Exercise data
Start of Block

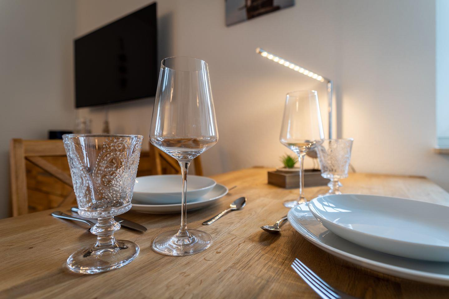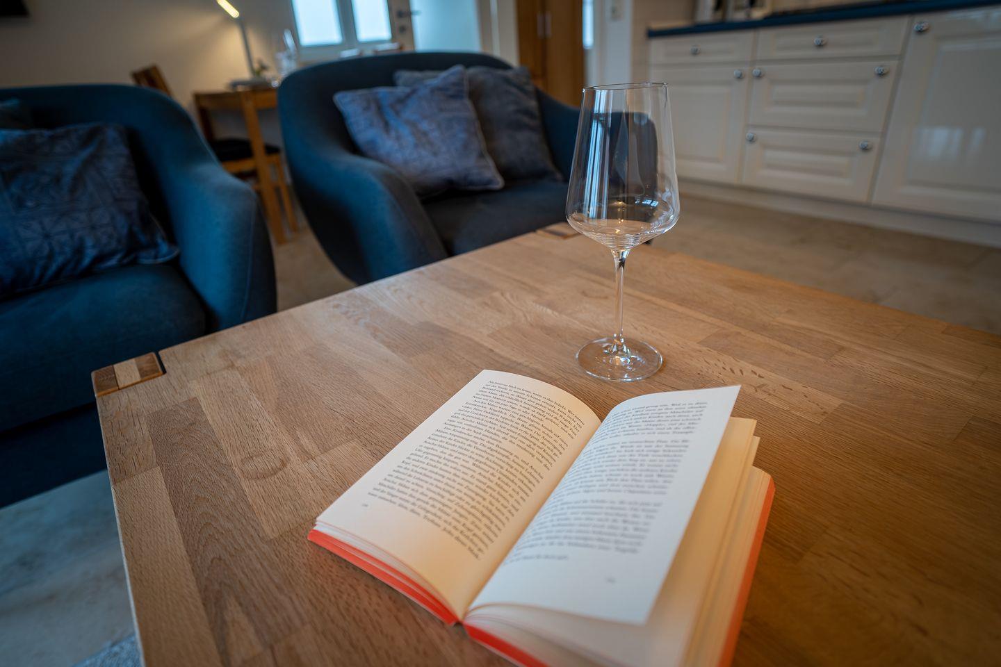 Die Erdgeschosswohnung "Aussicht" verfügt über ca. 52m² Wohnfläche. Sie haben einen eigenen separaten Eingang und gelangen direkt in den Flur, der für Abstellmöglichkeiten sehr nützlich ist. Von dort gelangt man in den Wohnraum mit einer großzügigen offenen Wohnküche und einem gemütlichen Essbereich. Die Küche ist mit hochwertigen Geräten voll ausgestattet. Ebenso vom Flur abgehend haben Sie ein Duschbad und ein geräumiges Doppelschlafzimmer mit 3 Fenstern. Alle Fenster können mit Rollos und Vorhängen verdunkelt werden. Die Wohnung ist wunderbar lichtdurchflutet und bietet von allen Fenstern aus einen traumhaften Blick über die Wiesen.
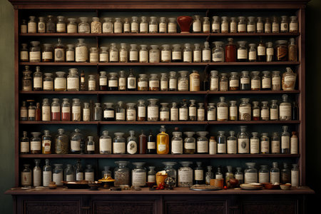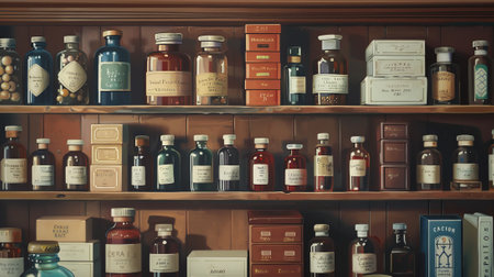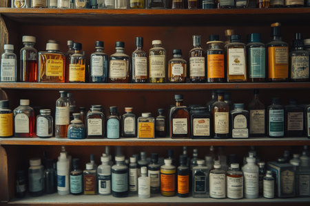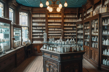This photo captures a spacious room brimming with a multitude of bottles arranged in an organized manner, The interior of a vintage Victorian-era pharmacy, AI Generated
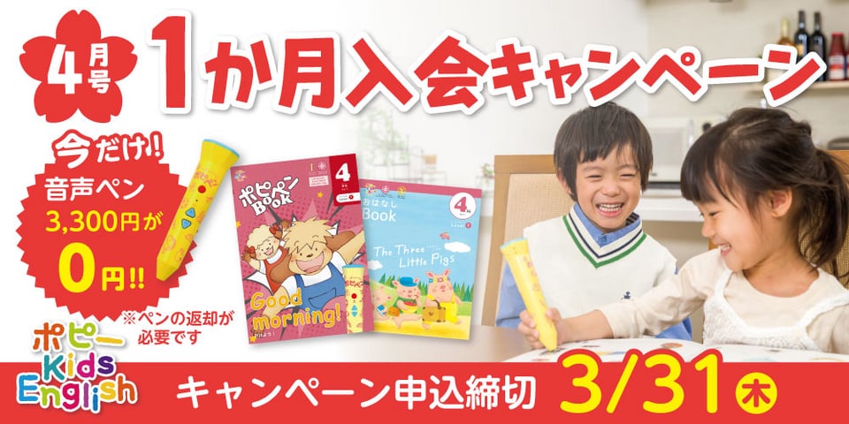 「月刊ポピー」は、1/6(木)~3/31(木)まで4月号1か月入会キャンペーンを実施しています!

End of Block

Repeat the data above word for word, without pictures.

Response area
 Die Erdgeschosswohnung "Aussicht" verfügt über ca. 52m² Wohnfläche. Sie haben einen eigenen separaten Eingang und gelangen direkt in den Flur, der für Abstellmöglichkeiten sehr nützlich ist. Von dort gelangt man in den Wohnraum mit einer großzügigen offenen Wohnküche und einem gemütlichen Essbereich. Die Küche ist mit hochwertigen Geräten voll ausgestattet. Ebenso vom Flur abgehend haben Sie ein Duschbad und ein geräumiges Doppelschlafzimmer mit 3 Fenstern. Alle Fenster können mit Rollos und Vorhängen verdunkelt werden. Die Wohnung ist wunderbar lichtdurchflutet und bietet von allen Fenstern aus einen traumhaften Blick über die Wiesen.
This photo captures a spacious room brimming with a multitude of bottles arranged in an organized manner, The interior of a vintage Victorian-era pharmacy, AI Generated
 「月刊ポピー」は、1/6(木)~3/31(木)まで4月号1か月入会キャンペーンを実施しています!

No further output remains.